• **Exercise brief**: From the line that contains "Selling a Munchkin" down to the last line of the entries, please return everything exactly, except the pictures.

-------- Source material --------

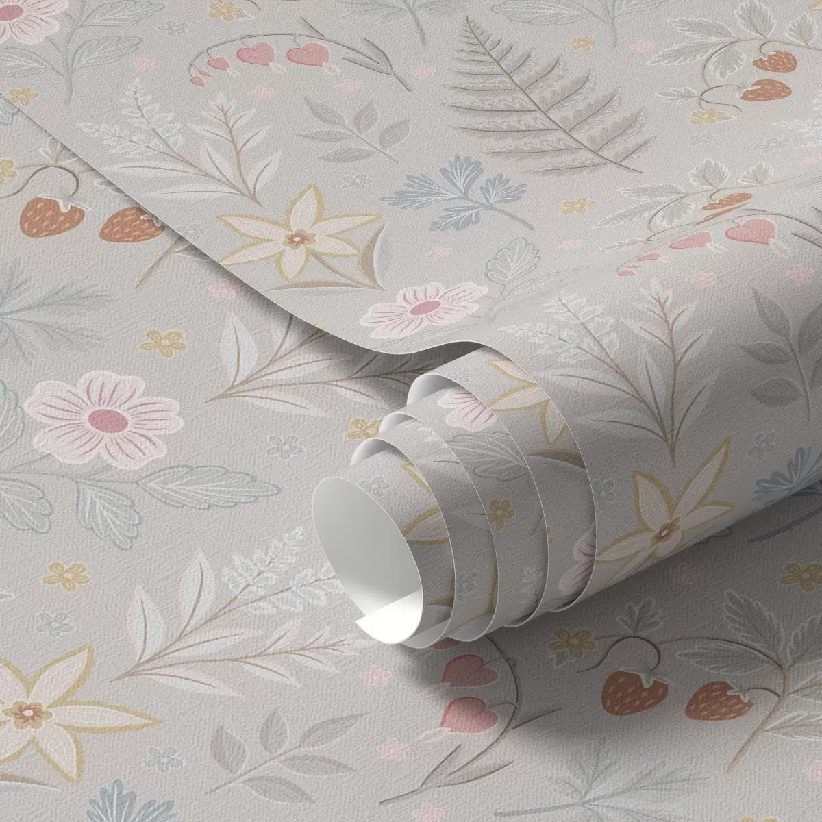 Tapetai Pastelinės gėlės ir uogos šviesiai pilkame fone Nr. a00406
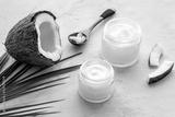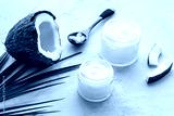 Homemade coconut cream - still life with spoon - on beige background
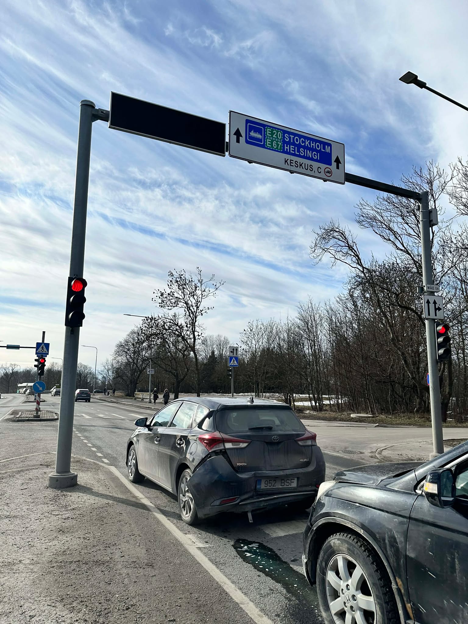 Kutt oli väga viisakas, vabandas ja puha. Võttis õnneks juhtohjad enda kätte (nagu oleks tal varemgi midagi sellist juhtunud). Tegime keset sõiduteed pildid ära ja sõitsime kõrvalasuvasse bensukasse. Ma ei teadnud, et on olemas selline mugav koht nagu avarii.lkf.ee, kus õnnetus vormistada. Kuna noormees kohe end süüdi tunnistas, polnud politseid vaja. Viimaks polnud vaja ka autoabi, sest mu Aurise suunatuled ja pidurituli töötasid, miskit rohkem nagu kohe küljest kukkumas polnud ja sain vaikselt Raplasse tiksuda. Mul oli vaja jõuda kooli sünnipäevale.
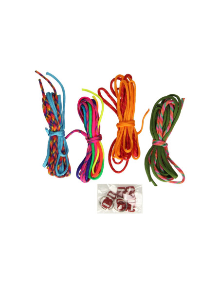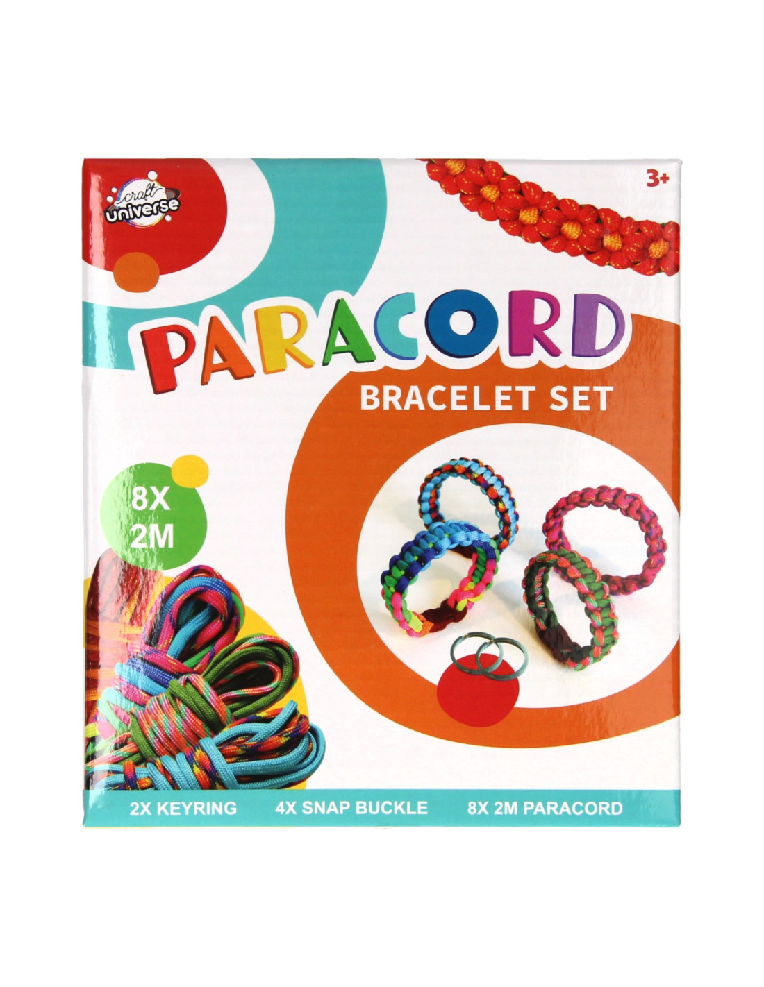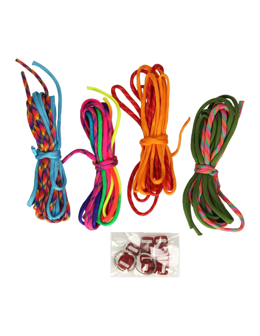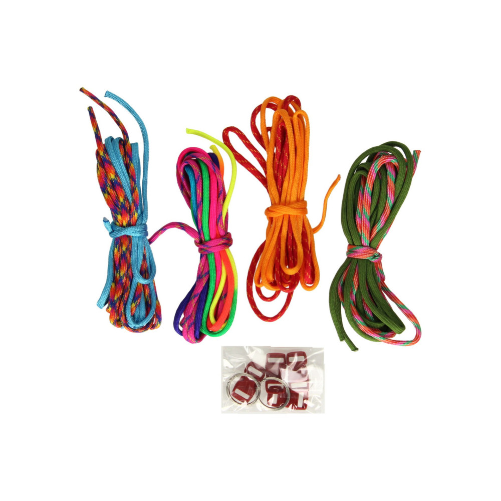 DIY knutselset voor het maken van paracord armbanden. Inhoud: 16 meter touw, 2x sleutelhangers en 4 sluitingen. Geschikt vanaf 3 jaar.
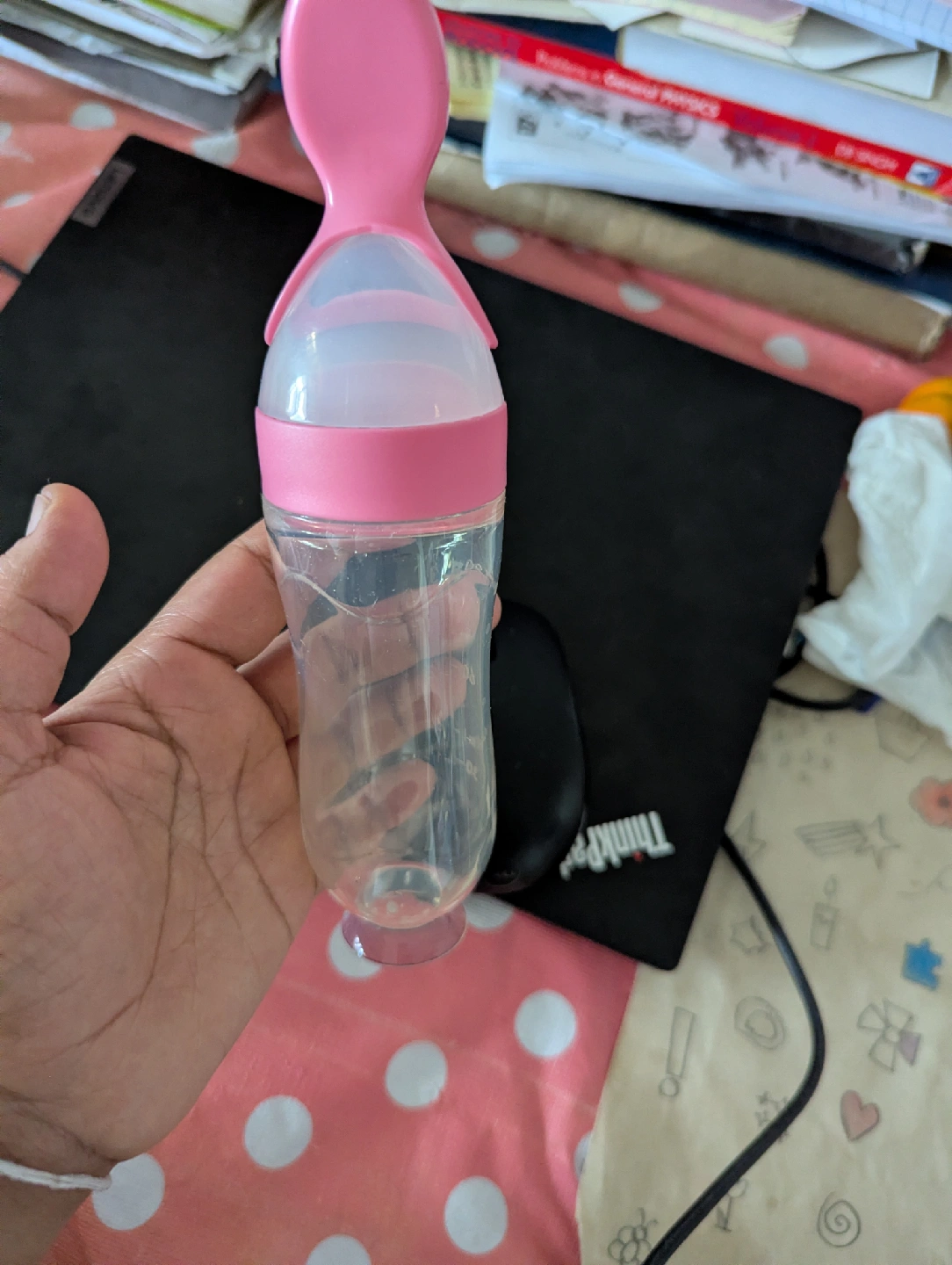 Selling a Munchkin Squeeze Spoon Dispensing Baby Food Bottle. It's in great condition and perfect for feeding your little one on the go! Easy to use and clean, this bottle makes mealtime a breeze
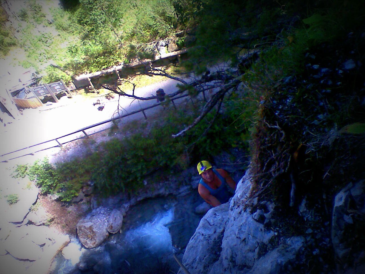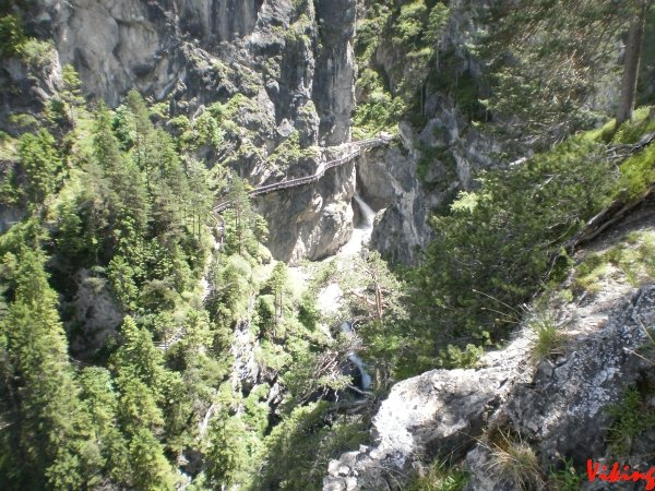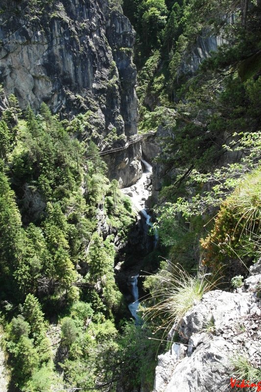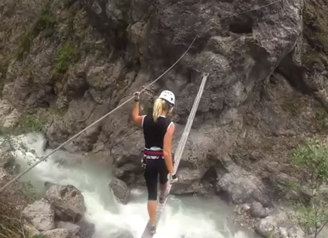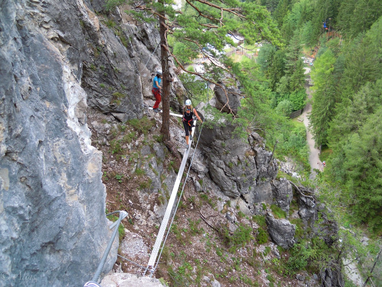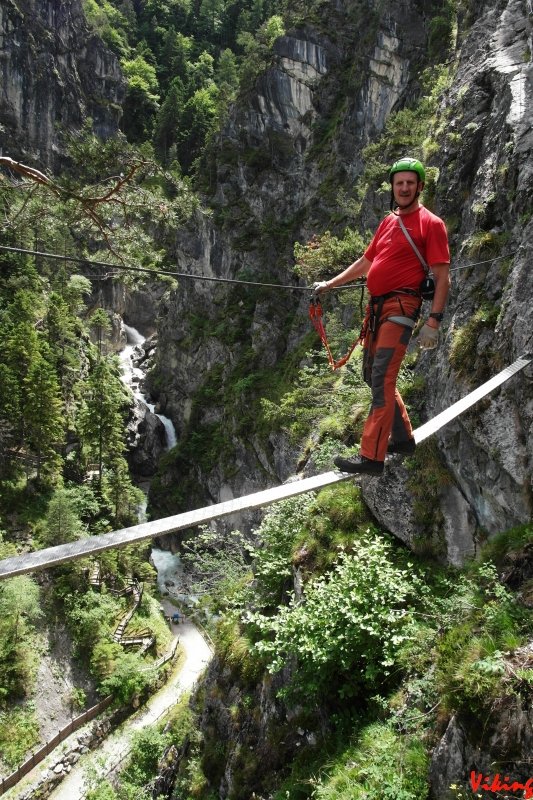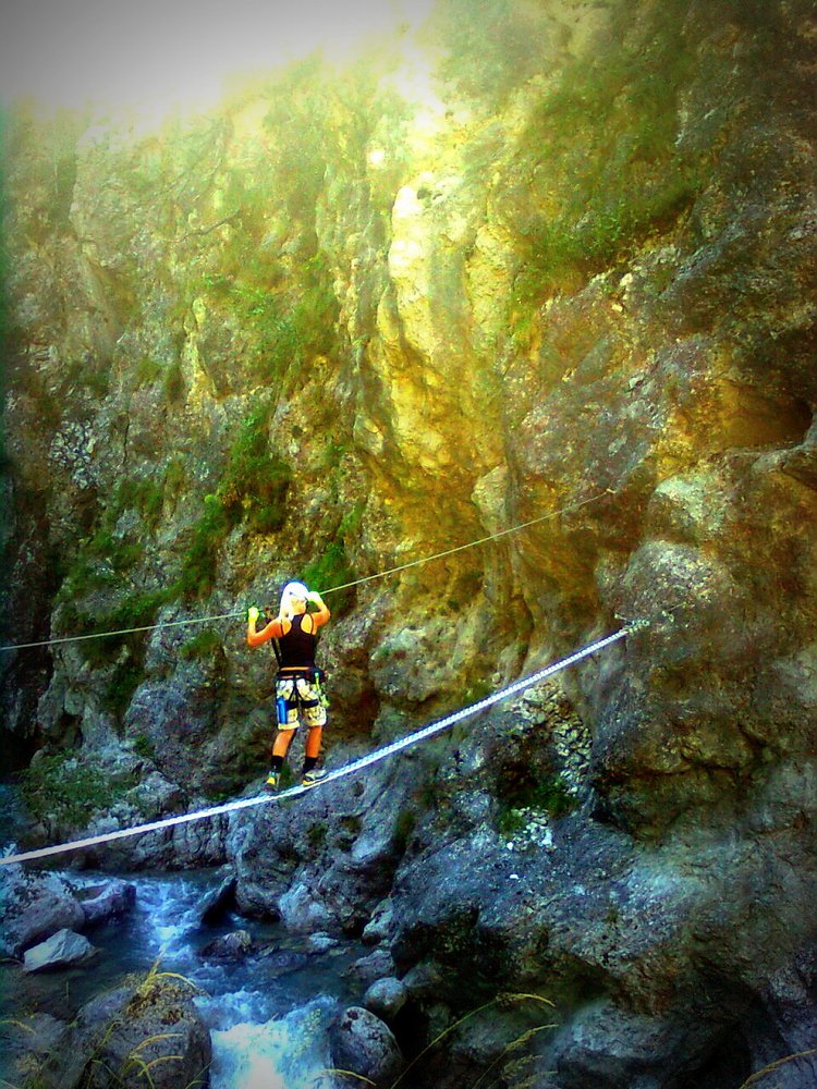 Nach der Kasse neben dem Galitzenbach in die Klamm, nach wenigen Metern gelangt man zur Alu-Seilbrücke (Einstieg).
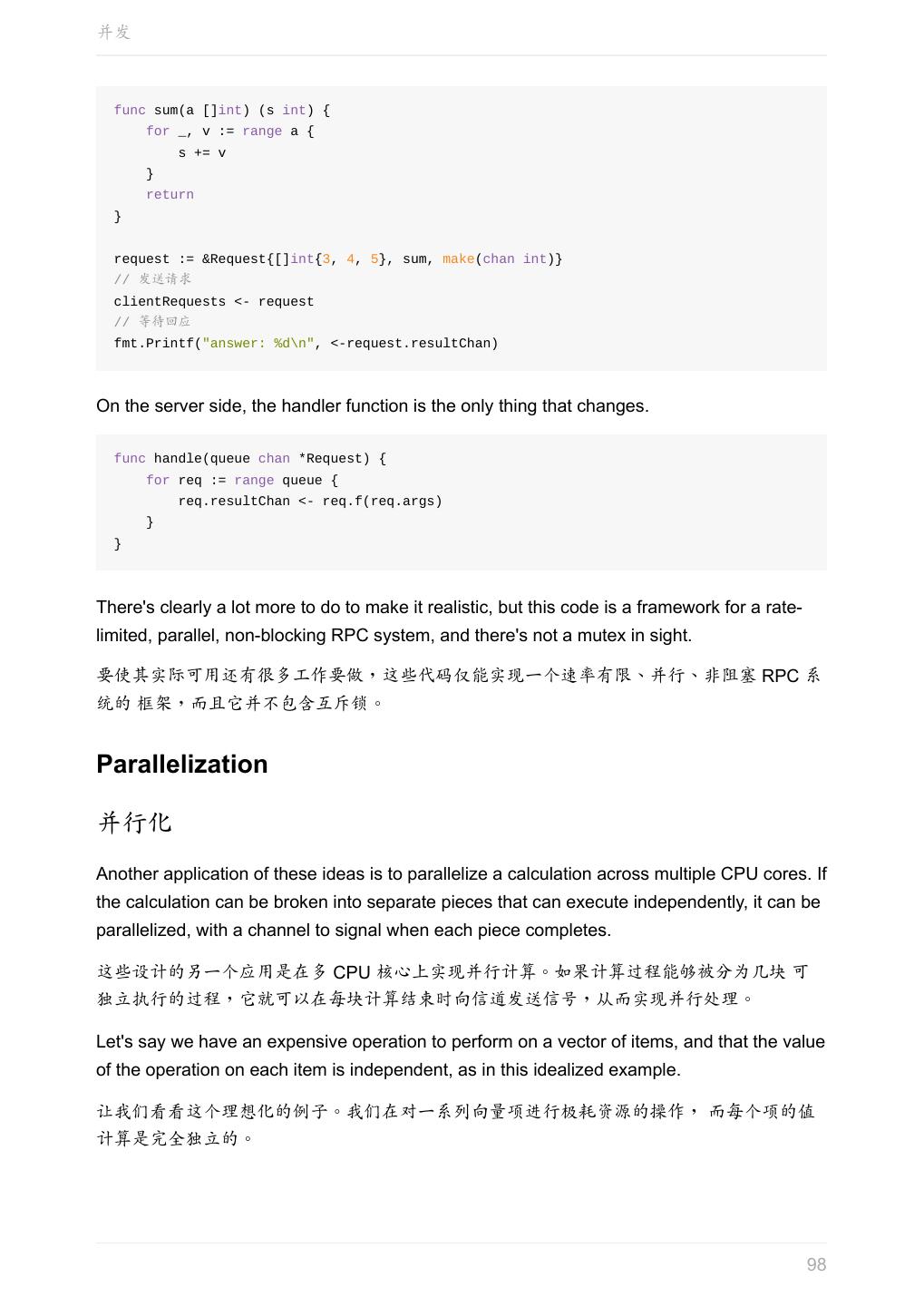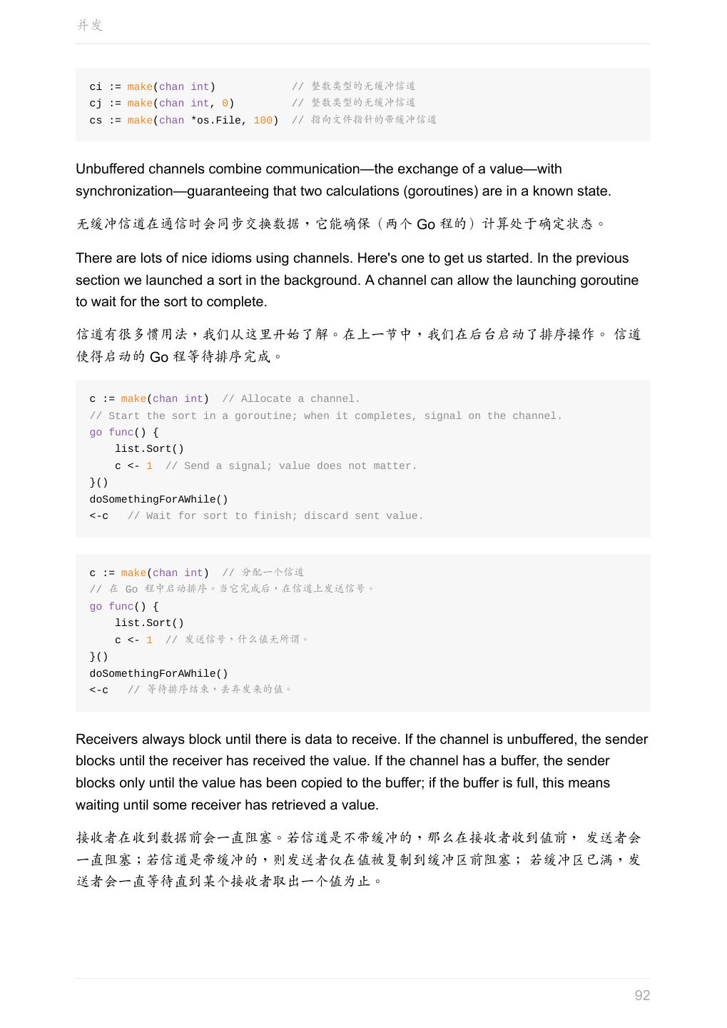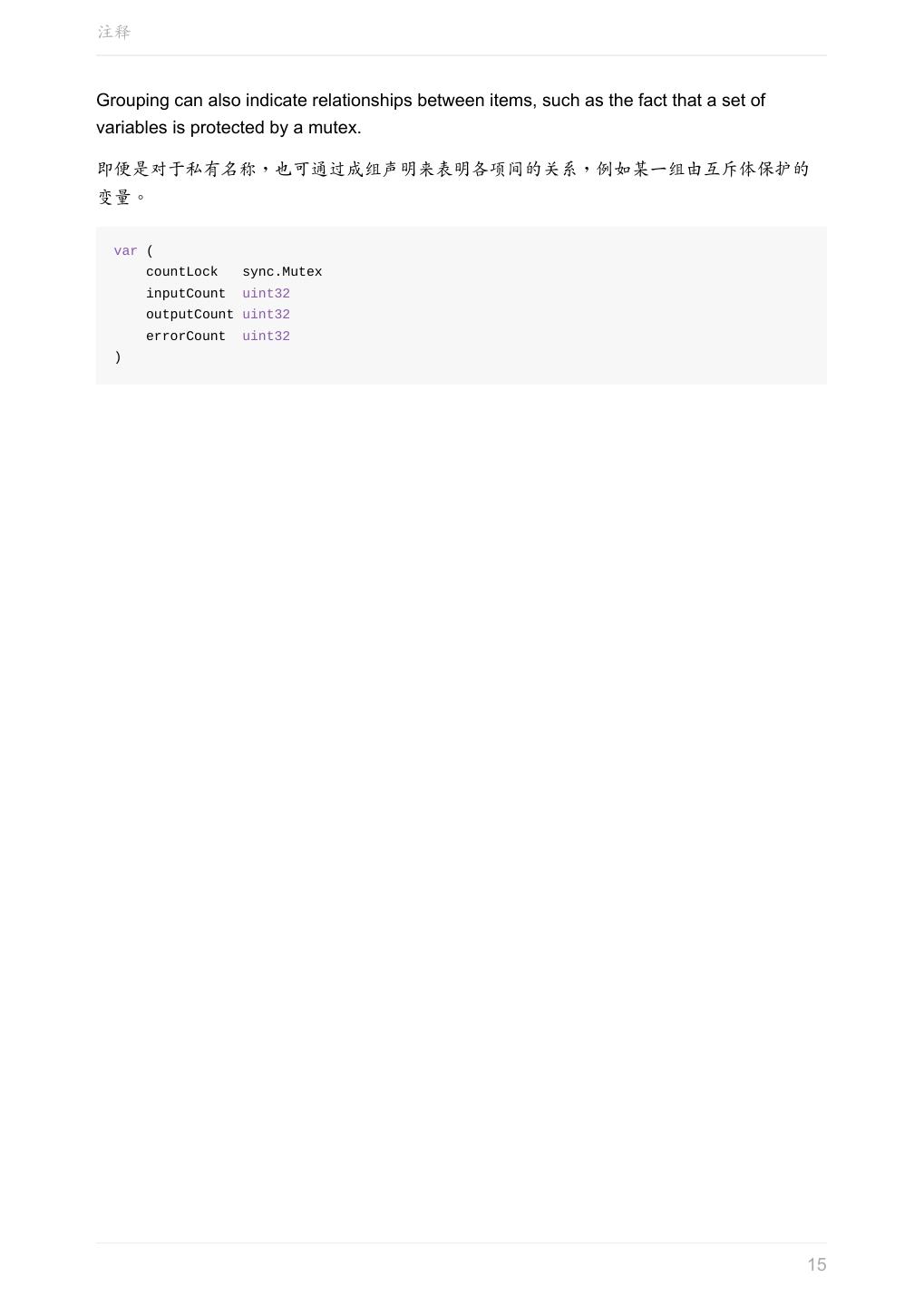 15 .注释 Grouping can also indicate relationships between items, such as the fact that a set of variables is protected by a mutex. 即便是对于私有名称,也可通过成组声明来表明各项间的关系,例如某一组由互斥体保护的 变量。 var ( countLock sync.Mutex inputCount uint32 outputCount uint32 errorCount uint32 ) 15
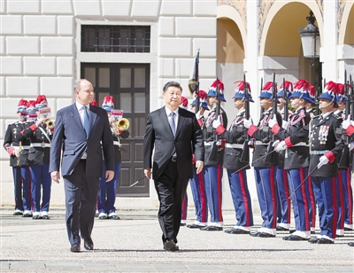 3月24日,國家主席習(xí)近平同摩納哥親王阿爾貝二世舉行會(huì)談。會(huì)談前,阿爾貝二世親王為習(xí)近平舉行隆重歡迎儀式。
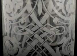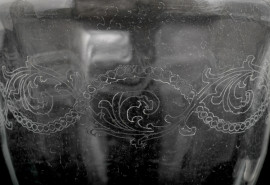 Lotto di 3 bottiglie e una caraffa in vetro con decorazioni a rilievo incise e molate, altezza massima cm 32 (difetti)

--------

• **Solution to the problem**:
 Selling a Munchkin Squeeze Spoon Dispensing Baby Food Bottle. It's in great condition and perfect for feeding your little one on the go! Easy to use and clean, this bottle makes mealtime a breeze
 Nach der Kasse neben dem Galitzenbach in die Klamm, nach wenigen Metern gelangt man zur Alu-Seilbrücke (Einstieg).
 15 .注释 Grouping can also indicate relationships between items, such as the fact that a set of variables is protected by a mutex. 即便是对于私有名称,也可通过成组声明来表明各项间的关系,例如某一组由互斥体保护的 变量。 var ( countLock sync.Mutex inputCount uint32 outputCount uint32 errorCount uint32 ) 15
 3月24日,國家主席習(xí)近平同摩納哥親王阿爾貝二世舉行會(huì)談。會(huì)談前,阿爾貝二世親王為習(xí)近平舉行隆重歡迎儀式。
 Lotto di 3 bottiglie e una caraffa in vetro con decorazioni a rilievo incise e molate, altezza massima cm 32 (difetti)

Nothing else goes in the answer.